Once satisfied with your chart configuration, deploy it to the cluster using the letsencrypt-test cluster issuer as shown in the example config. In a later section we’ll create a similarly named certificate for HTTPS access to the site.
Deploy chart
Before deployment create an A
record at your DNS provider so the domain name specified in the Helm chart config points to the IP of the $SERVER1
control plane node. Bear in mind it can take some time for the change to propagate.
Then install or upgrade Helm on host machine (macOS example using Homebrew):
HOMEBREW_NO_AUTO_UPDATE=1 brew install helm
With Helm installed, deploy chart to a new wordpress namespace:
cp install.sh.example install.sh
chmod +x install.sh
./install.sh --namespace wordpress --create-namespace
You should see output like the following:
Expand to view sample output
releaseName="wordpress-production"
# Upgrade or install application using the current git branch as docker tag
helm upgrade $releaseName . --install -f values-local.yaml "$@"
Release "wordpress-production" does not exist. Installing it now.
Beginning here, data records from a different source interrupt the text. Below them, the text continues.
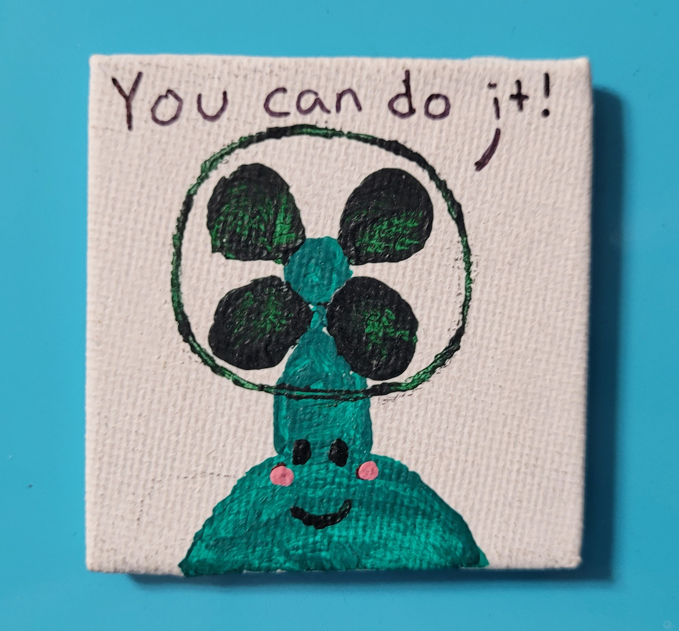 Tiny painting of your biggest fan. They're supporting you 100%. Hand painted with acrylic paint on a 2x2 canvas with magnetic backing.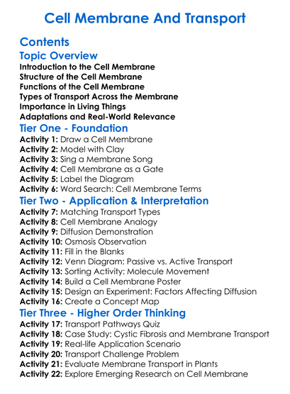 Cell Membrane And Transport Worksheet Activity Booklet
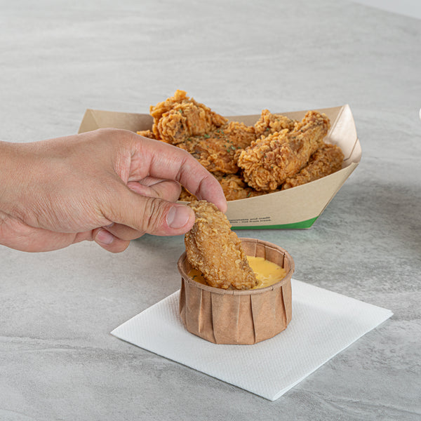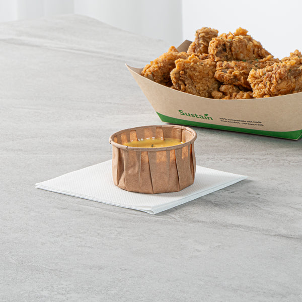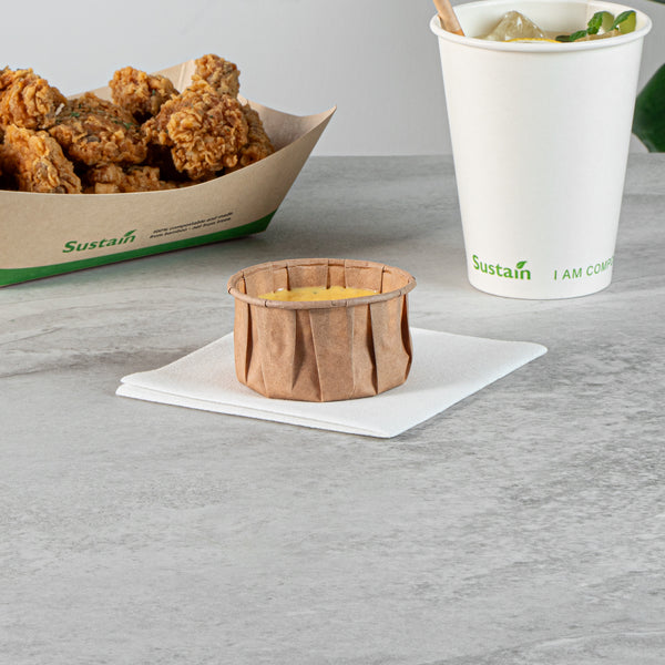 Elevate your food presentation with our Sustain 4-ounce Kraft Paper Portion Cups. These paper condiment cups are commercially compostable and biodegradable, offering an eco-friendly alternative to traditional plastic. Made from premium paper, these durable condiment cups are ideal for holding thick barbecue sauce, chunky salsa, and more. Perfect for serving samples, these versatile ketchup cups are an excellent choice for events, tastings, and food promotions. The kraft finish of these paper ketchup cups complements your food presentation beautifully. For straightforward cleanup, these disposable sauce cups can be tossed after use. These paper sauce cups measure 2.76 inches in diameter by 1.69 inches in height and have a capacity of 4 ounces. Sold in a 100 count box. These items will only degrade outside of the traditional solid waste stream.

NAME: wordpress-production
LAST DEPLOYED: Sun Mar 19 10:26:22 2023
NAMESPACE: wordpress
STATUS: deployed
REVISION: 1
TEST SUITE: None
NOTES:
1. Get the application URL by running these commands:
https://www.chicagoganghistory.com/
https://chicagoganghistory.com/
Each time the chart is deployed a WordPress init container will run and build WordPress from scratch based on included Ansible script. Before you will be able to access your site use Lens to ensure the init container builds successfully:
Leverage Pod logs in Lens to identify and debug any errors:
When the init-wordpress container finishes, your installation of WordPress will be deployed and and publicly accessible via DNS lookup. Confirm with:
curl --head --insecure https://chicagoganghistory.com
You should see output like:
HTTP/2 301
content-type: text/html; charset=UTF-8
date: Sun, 19 Mar 2023 14:29:53 GMT
location: https://www.chicagoganghistory.com/
server: Apache/2.4.54 (Debian)
x-powered-by: PHP/8.1.12
x-redirect-by: WordPress
A
record pointing at the server node has already propagated.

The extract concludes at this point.